Читаем без скачивания Северное сияние (сборник) - Юрий Герт
Шрифт:
Интервал:
Закладка:
Я многое передумал за те два-три дня, которые миновали после той злополучной планерки. Нет, в эти дни я меньше всего думал о Попкевиче, о редакции, о бывших своих коллегах... Думал я о себе. О том, как объяснял однажды приятелю, что его, еврея, не возьмут в редакцию, поскольку в редакции не могут одновременно работать два еврея, — как я втолковывал ему это, ничуть не смущаясь принятой на себя ролью. Думал о том, как снимал с газетной полосы материал, чтобы соблюсти “процентную норму”. Думал о том, что всегда считал для себя верхом принципиальности писать о еврее-воре, еврее-бюрократе и т.д. и никогда — о достойных уважения и благодарности людях, чтобы избежать подозрений в потворстве “своим”... Но чаще всего вспоминался мне тот жалкий замухрышка из очереди военных лет, и во мне оживало впервые испытанное тогда ощущение отступничества, предательства...
Нет, не кого-то — самого себя судил я в эти дни, себя — втайне гордившегося тем, что никогда не чувствовал себя евреем и вспоминал об этом лишь тогда, когда напоминали другие, и негодовал за это на них, и, не чувствуя себя евреем, постепенно превратился в “полезного еврея”... Полезного — кому?..
Все это говорил я себе в эти дни... Отчего же теперь, вместо того, чтобы царапать собственную грудь и посыпать голову пеплом, я обрушился на человека, куда менее грешного, чем я сам?..
И вдруг Попкевич, огромный, рыхлый, похожий на пузырящееся, перекипающее через квашню тесто, стал сползать с кресла, колени его мягко и тяжело бухнули в пол, он схватил мою руку и прижал ее к своему горячему, мокрому, залитому слезами лицу, из его груди рвались какие-то утробные, булькающие звуки, среди которых можно было с трудом разобрать:
— Моя мама... Бедная, бедная мама... Ее убили... Закопали в землю живьем...
Был момент, когда мне показалось, что его громадная, бегемотоподобная туша повалится — и опрокинет, раздавит меня.

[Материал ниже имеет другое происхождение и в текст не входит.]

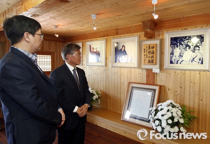| △ DJ생가 방문해 DJ업적을 살피는 문재인 |
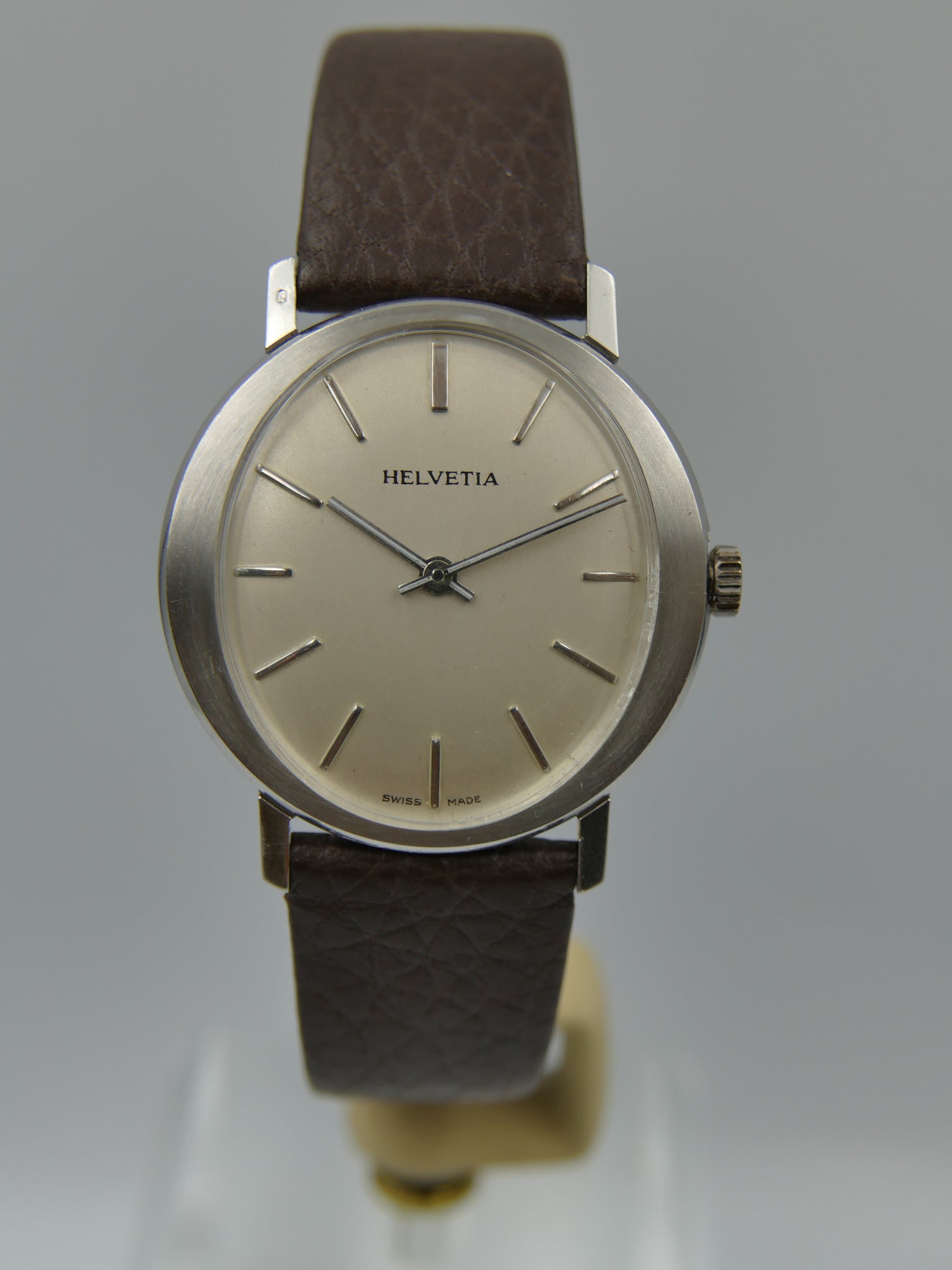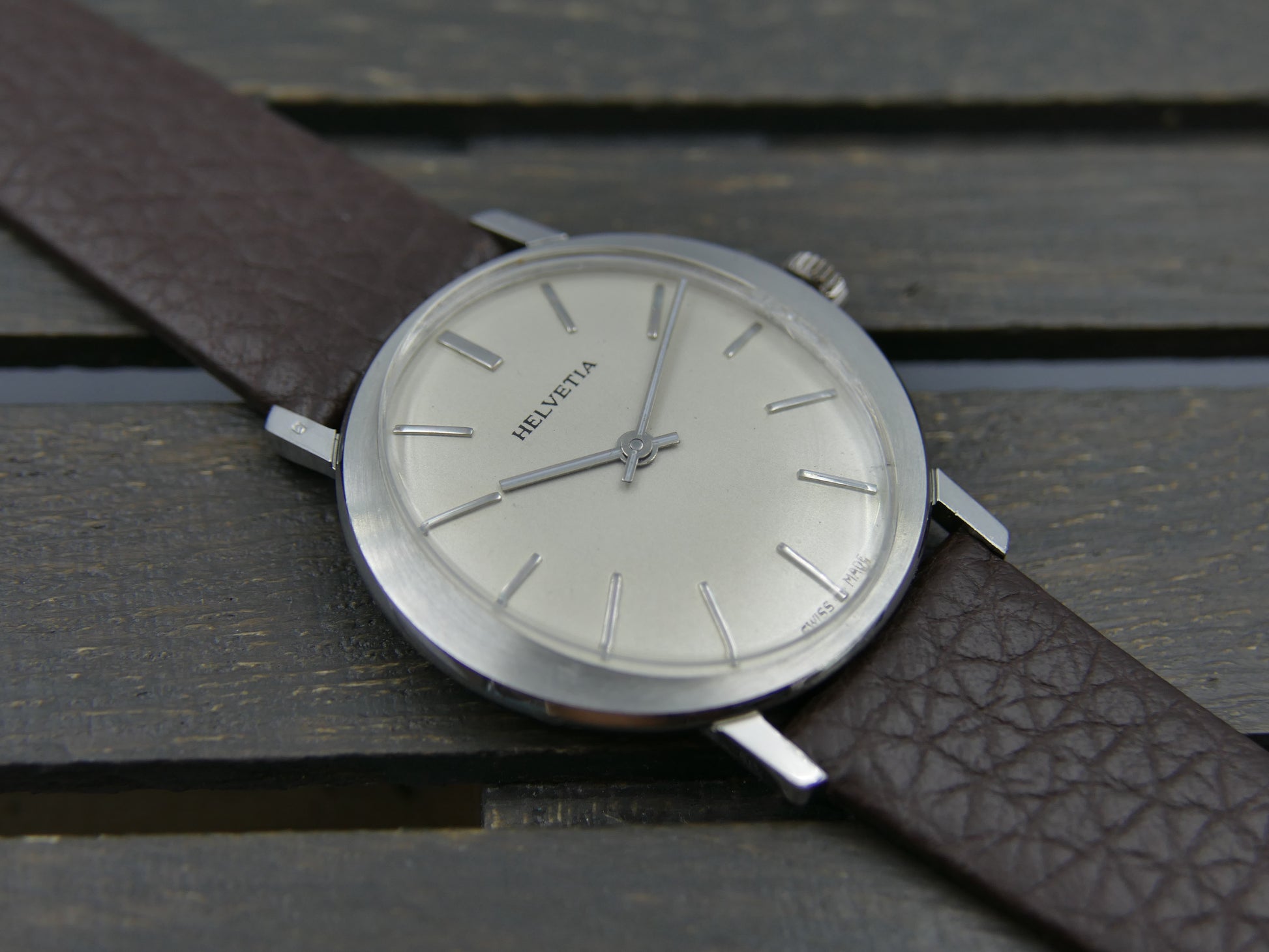 This Helvetia timepiece comes from a brand that shares its roots with Omega, one of the most prestigious names in horology.
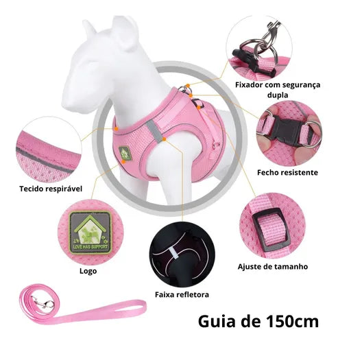 Peitoral Colete Refletivo com Guia para Cachorros Conforto e Segurança

Кое-как я высвободил свою руку, помог ему подняться с пола и снова усесться в кресло.
— Вы правы, вы правы... — твердил он, вытирая глаза серым, смятым в комок платком. — Вы напомнили мне, кто я... Напомнили, за что убили мою мать... Она жила в маленьком городке, в Белоруссии... Вы правы, ах, как вы правы... Нельзя забывать, кто мы, нельзя...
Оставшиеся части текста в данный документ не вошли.